Assignment
Without the pictures, write out all the lines below exactly as they appear.

--- Data ---

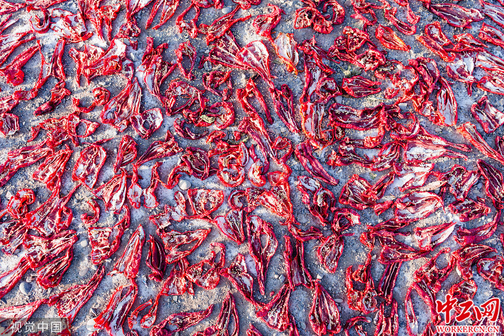 2019年11月10日,新疆阿克苏,晾晒场内火红的辣椒。进入初冬,天气渐凉,车县戈壁滩上的各族群众忙着将晾晒的辣椒进行翻晒,或将晾晒好的辣椒进行装车。无人机俯瞰一片又一片火红的辣椒,好似为大地铺上红色地毯。图片作者:袁欢欢/视觉中国
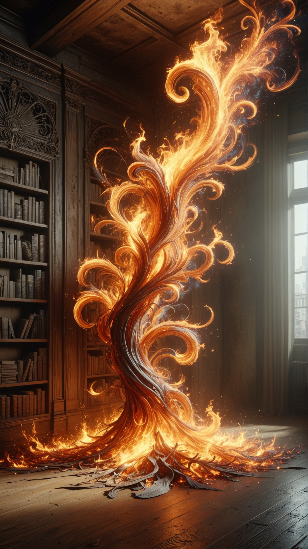 <lora:ElementFireSDXL:1>ElementFire Orange the streets of post apocalyptic barcelona covered in wild vegetation, raining, trending on artstation, photorealistic, ultra detailed, high definition, moody, depth of field,Realistic oil painting of shadows dancing in a dusty old library, warm lighting, dust particles, old books, wooden shelves, tall windows, ornate ceiling, atmosphere of mystery and forgotten knowledge, muted colors, chiaroscuro, vanishing point perspective, detailed and textured, high resolution, art print, wall art, large format flames, burning fire, blazing, (Masterpiece:1.3) (best quality:1.2) (high quality:1.1)
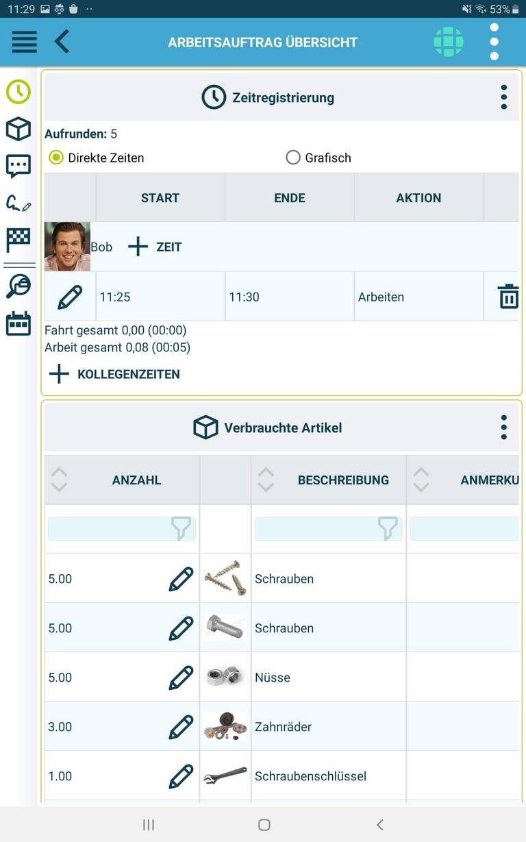Als Außendienstmitarbeiter kannst du geplante und neue Arbeitsaufträge direkt aktualisieren und abschließen. Verwende die App (Feldmodul), um deine Planung einzusehen, zur Arbeitsadresse zu navigieren, Arbeitszeiten und Pausen zu erfassen und den Materialverbrauch zu dokumentieren.
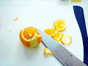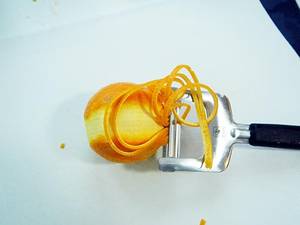 Orange waschen, abtrocknen. Von 1 Orange mit Zestenreißer die Haut in Streifen abziehen.

---

Task answer
 2019年11月10日,新疆阿克苏,晾晒场内火红的辣椒。进入初冬,天气渐凉,车县戈壁滩上的各族群众忙着将晾晒的辣椒进行翻晒,或将晾晒好的辣椒进行装车。无人机俯瞰一片又一片火红的辣椒,好似为大地铺上红色地毯。图片作者:袁欢欢/视觉中国
 <lora:ElementFireSDXL:1>ElementFire Orange the streets of post apocalyptic barcelona covered in wild vegetation, raining, trending on artstation, photorealistic, ultra detailed, high definition, moody, depth of field,Realistic oil painting of shadows dancing in a dusty old library, warm lighting, dust particles, old books, wooden shelves, tall windows, ornate ceiling, atmosphere of mystery and forgotten knowledge, muted colors, chiaroscuro, vanishing point perspective, detailed and textured, high resolution, art print, wall art, large format flames, burning fire, blazing, (Masterpiece:1.3) (best quality:1.2) (high quality:1.1)
Als Außendienstmitarbeiter kannst du geplante und neue Arbeitsaufträge direkt aktualisieren und abschließen. Verwende die App (Feldmodul), um deine Planung einzusehen, zur Arbeitsadresse zu navigieren, Arbeitszeiten und Pausen zu erfassen und den Materialverbrauch zu dokumentieren.
 Orange waschen, abtrocknen. Von 1 Orange mit Zestenreißer die Haut in Streifen abziehen.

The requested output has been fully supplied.